* _What you need to do_
An exact retyping of all lines below is the answer; pictures do not belong in it.

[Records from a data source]
▶

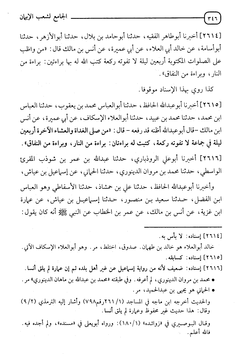 2615 - أَخْبَرَنَا أَبُو عَبْدِ اللهِ الْحَافِظُ، حَدَّثَنَا أَبُو الْعَبَّاسِ مُحَمَّدُ بْنُ يَعْقُوبَ، حَدَّثَنَا الْعَبَّاسُ بْنُ مُحَمَّدٍ، حَدَّثَنَا مُحَمَّدُ بْنُ عُبَيْدٍ، حَدَّثَنَا أَبُو الْعَلَاءِ الْإَسْكافُ، عَنْ أَبِي عَمِيرَةَ، عَنْ أَنَسِ بْنِ مَالِكٍ، - قَالَ أَبُو عَبْدِ اللهِ أَظُنُّهُ قَدْ رَفَعَهُ - قَالَ: §" مَنْ صَلَّى الْغَدَاةَ، وَالْعِشَاءَ الْآخِرَةَ أربعين ليلة فِي جَمَاعَةٍ لَا تَفُوتُهُ رَكْعَةٌ كُتِبت لَهُ بَرَاءَتَانِ، بَرَاءَةٌ مِنَ النَّارِ، وَبَرَاءَةٌ مِنَ النِّفَاقِ "
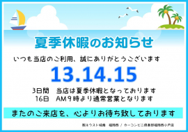 8月の 夏季休暇に付きまして ご案内させて頂きます
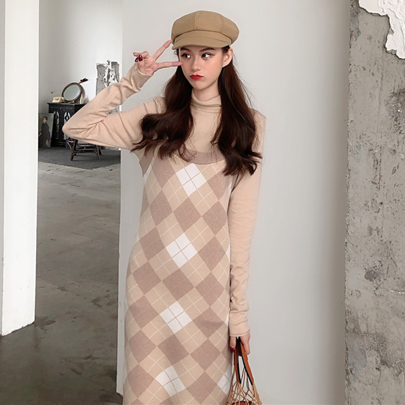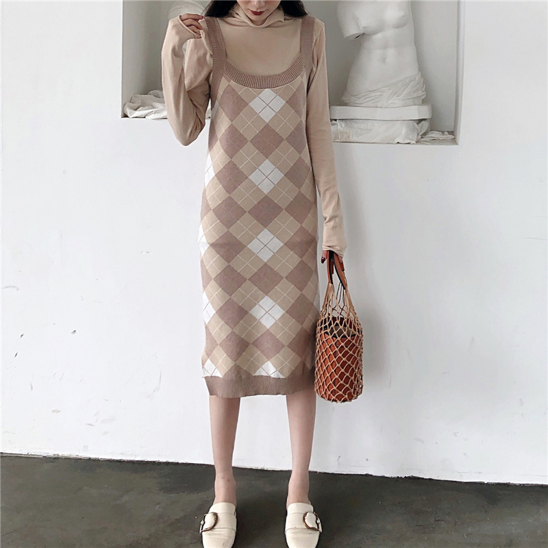 學院風撞色菱格針織裙女秋冬裝2018新款韓版中長款背心連衣裙子潮
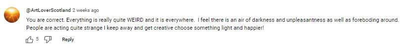 The video is roughly 5 minutes long. Followers don’t need convincing and resonate immediately. Mind that these are people from different parts of the world, with presumably different lifestyles. Regardless of where they live, they seem to “experience” (self-induce) the same paranoia:
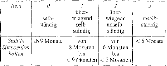 Wie in der Erwachsenenbegutachtung erfolgt die Bewertung der Selbständigkeit bei Kindern anhand der vierstufigen Skala mit den Ausprägungen "selbständig", "überwiegend selbständig", "überwiegend unselbständig" und "unselbständig". Dementsprechend musste für jedes Item des Erhebungsbogens für die Bewertungssystematik festgelegt werden, in welchem Alter diese Stufen der Selbständigkeit erreicht werden. Die Festlegung erfolgte anhand einer dreischrittigen Vorgehensweise: Zunächst wurde der "normale" kindliche Entwicklungsverlauf herausgearbeitet und in einem zweiten Schritt im Hinblick auf markante Entwicklungsschritte mit ihrer jeweiligen Altersstufe überprüft. Anschließend erfolgte die Zuordnung dieser Altersstufen zu den vier Ausprägungsmerkmalen. Am Beispiel des Items "Stabile Sitzposition halten" soll dieses Verfahren verdeutlicht werden. Für das Item stellt sich der Entwicklungsverlauf folgendermaßen dar: Als Voraussetzung für stabiles Sitzen muss zunächst die Fähigkeit zur kontinuierlichen Aufrechterhaltung des Kopfes vorhanden sein (erste Entwicklungsstufe). Später sitzt das Kind, indem es von einer Pflegeperson gestützt oder gehalten wird (zweite Entwicklungsstufe). Im nächsten Schritt sitzt das Kind schon relativ stabil, indem es sich selbst abstützt (dritte Entwicklungsstufe). Die Fähigkeit ist voll entwickelt, wenn das Kind sich ohne Hilfe aufsetzen kann und selbständig mit stabiler Kopf und Rumpfkontrolle sitzt (vierte Entwicklungsstufe).
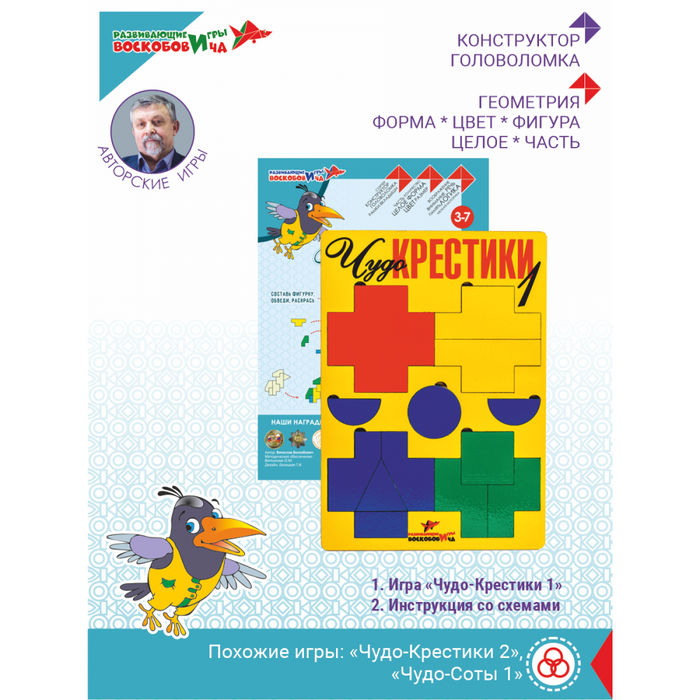 Конструктор «Чудо-Крестики 1» предназначен для изучения геометрических фигур, формирования логического мышления, математических понятий, пространственных представлений, развития сенсорных способностей (размер, цвет), творческого конструирования и мелкой моторики рук.

◀

* _Result below_
 2615 - أَخْبَرَنَا أَبُو عَبْدِ اللهِ الْحَافِظُ، حَدَّثَنَا أَبُو الْعَبَّاسِ مُحَمَّدُ بْنُ يَعْقُوبَ، حَدَّثَنَا الْعَبَّاسُ بْنُ مُحَمَّدٍ، حَدَّثَنَا مُحَمَّدُ بْنُ عُبَيْدٍ، حَدَّثَنَا أَبُو الْعَلَاءِ الْإَسْكافُ، عَنْ أَبِي عَمِيرَةَ، عَنْ أَنَسِ بْنِ مَالِكٍ، - قَالَ أَبُو عَبْدِ اللهِ أَظُنُّهُ قَدْ رَفَعَهُ - قَالَ: §" مَنْ صَلَّى الْغَدَاةَ، وَالْعِشَاءَ الْآخِرَةَ أربعين ليلة فِي جَمَاعَةٍ لَا تَفُوتُهُ رَكْعَةٌ كُتِبت لَهُ بَرَاءَتَانِ، بَرَاءَةٌ مِنَ النَّارِ، وَبَرَاءَةٌ مِنَ النِّفَاقِ "
 8月の 夏季休暇に付きまして ご案内させて頂きます
 學院風撞色菱格針織裙女秋冬裝2018新款韓版中長款背心連衣裙子潮
 The video is roughly 5 minutes long. Followers don’t need convincing and resonate immediately. Mind that these are people from different parts of the world, with presumably different lifestyles. Regardless of where they live, they seem to “experience” (self-induce) the same paranoia:
 Wie in der Erwachsenenbegutachtung erfolgt die Bewertung der Selbständigkeit bei Kindern anhand der vierstufigen Skala mit den Ausprägungen "selbständig", "überwiegend selbständig", "überwiegend unselbständig" und "unselbständig". Dementsprechend musste für jedes Item des Erhebungsbogens für die Bewertungssystematik festgelegt werden, in welchem Alter diese Stufen der Selbständigkeit erreicht werden. Die Festlegung erfolgte anhand einer dreischrittigen Vorgehensweise: Zunächst wurde der "normale" kindliche Entwicklungsverlauf herausgearbeitet und in einem zweiten Schritt im Hinblick auf markante Entwicklungsschritte mit ihrer jeweiligen Altersstufe überprüft. Anschließend erfolgte die Zuordnung dieser Altersstufen zu den vier Ausprägungsmerkmalen. Am Beispiel des Items "Stabile Sitzposition halten" soll dieses Verfahren verdeutlicht werden. Für das Item stellt sich der Entwicklungsverlauf folgendermaßen dar: Als Voraussetzung für stabiles Sitzen muss zunächst die Fähigkeit zur kontinuierlichen Aufrechterhaltung des Kopfes vorhanden sein (erste Entwicklungsstufe). Später sitzt das Kind, indem es von einer Pflegeperson gestützt oder gehalten wird (zweite Entwicklungsstufe). Im nächsten Schritt sitzt das Kind schon relativ stabil, indem es sich selbst abstützt (dritte Entwicklungsstufe). Die Fähigkeit ist voll entwickelt, wenn das Kind sich ohne Hilfe aufsetzen kann und selbständig mit stabiler Kopf und Rumpfkontrolle sitzt (vierte Entwicklungsstufe).
 Конструктор «Чудо-Крестики 1» предназначен для изучения геометрических фигур, формирования логического мышления, математических понятий, пространственных представлений, развития сенсорных способностей (размер, цвет), творческого конструирования и мелкой моторики рук.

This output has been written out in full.